Я зашел в «Собачий дуэт», сел в самый дальний от очага угол и попросил пиалу чая и тарелку медовых кексов. В «Собачьем дуэте» никто никогда не заказывает чай.
Примерно через минуту она вышла ко мне и села напротив.
– У тебя крепкие нервы.
– Уже знаешь о том, что было утром на Совете? Впечатлен.
– Понятия не имею, о чем ты. – Она раздула ноздри: недобрый знак. – Люди какие-то заходили сюда, искали тебя.
Ее зовут Айхма, и я знал ее отца много лет назад, когда тот был капитаном Зеленых. Мы с ним служили вместе, пока он не бросил тянуть лямку и не пошел в гладиаторы. Как и я, на избранном поприще он преуспел, пройдя путь от пушечного мяса до верховоды Тем за каких-то шесть лет. Я скучаю по нему. Когда Айхме было четырнадцать, я сказал ей, что на смертном одре ее папа взял с меня обещание позаботиться о ней. Конечно, это была ложь; на деле он сказал что-то вроде «держись подальше от моей дочери, или я оторву тебе голову». Да и никакого смертного одра не было – он истек кровью на песке под одобрительный гвалт и ор семидесяти тысяч стадионных зевак. Странно, наверное, так умирать.
– Если это не чины, волноваться незачем, – сказал я.
Айхма пожала плечами.
– Два северянина и млеколицый. Я им честно сказала, что тебя не видела.

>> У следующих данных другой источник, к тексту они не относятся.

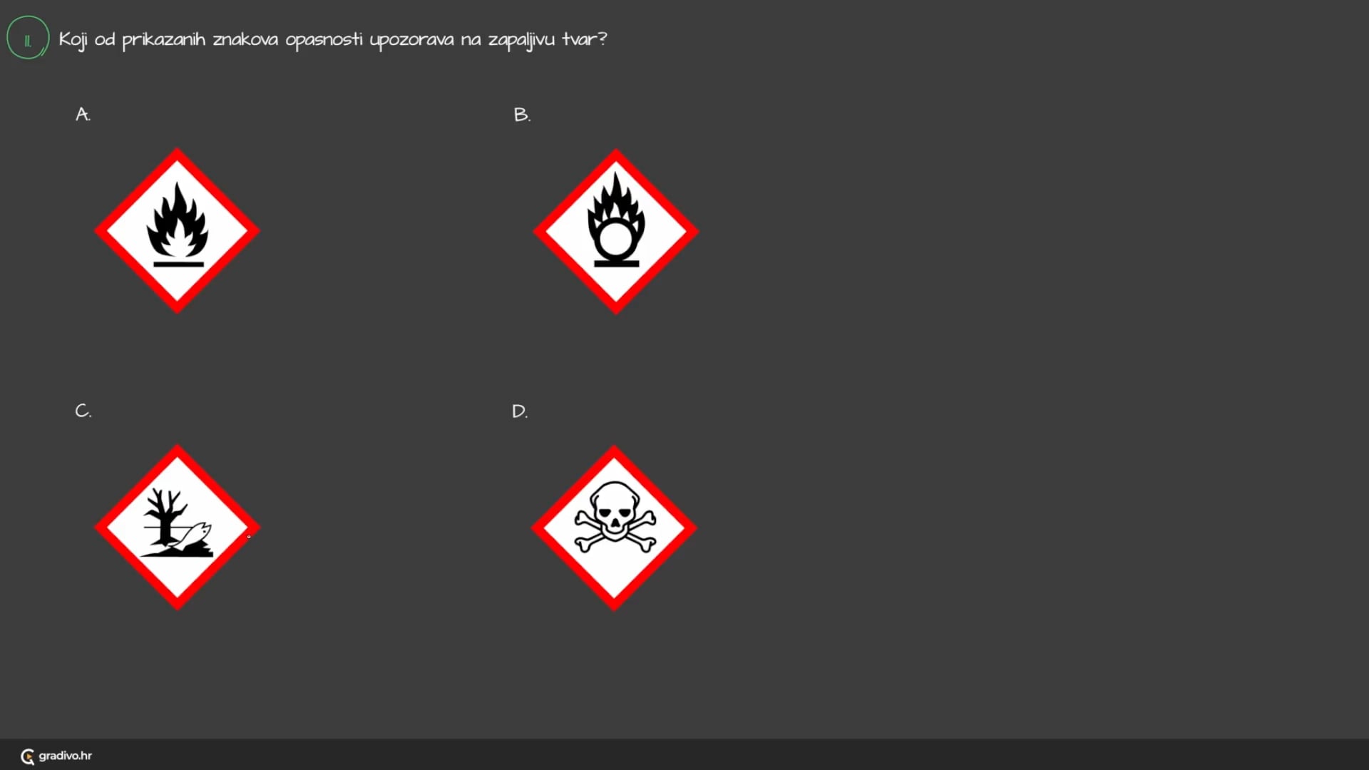 Koji od prikazanih znakova opasnosti upozorava na zapaljivu tvar?

Я расслабился. Млеколицый был моим деловым партнером. Сделки у меня примерно следующего характера. Правительство выдает мне зарплату для подчиненных золотом. Я же им плачу серебром – шесть торнезе на человека ежемесячно. За один золотой гистаменон дают сто шестьдесят торнезе. Из-за нехватки серебра на монетных дворах не существует законного способа произвести нужный мне обмен. Кто хочет возглавить монетный двор – покупает должность у канцлера за большие деньги, которые еще предстоит как-то отбить. Но такие хлопоты ни к чему – моя зарплата составляет лишь десятую часть процента от всех отчеканенных монет. На чеканку золотой монеты уходит ровно столько же времени и сил, сколько на серебряную или бронзовую. Поэтому дворы заготавливают много-много золотых, ровно столько, сколько необходимо, серебряных и ноль целых ноль десятых бронзовых. Армейские полки́ заботятся о мелочи сами, оттискивая грубые, ужасного качества медяки из расплющенных обрезков труб. Поэтому, когда мне нужно серебро, чтобы заплатить подчиненным, я обмениваю правительственное золото на не совсем правительственное серебро, которое беру у честных торговцев вроде того млеколицего и пары северян – по особому, довольно выгодному (для меня) курсу. И теперь, думаю, понятно, откуда у меня столько знакомств на Старом Цветочном рынке. И почему именно я добился успеха в здешней коммерции – ведь от имперца голубых кровей и кожных покровов мои честные торговцы дали бы отчаянного дёру.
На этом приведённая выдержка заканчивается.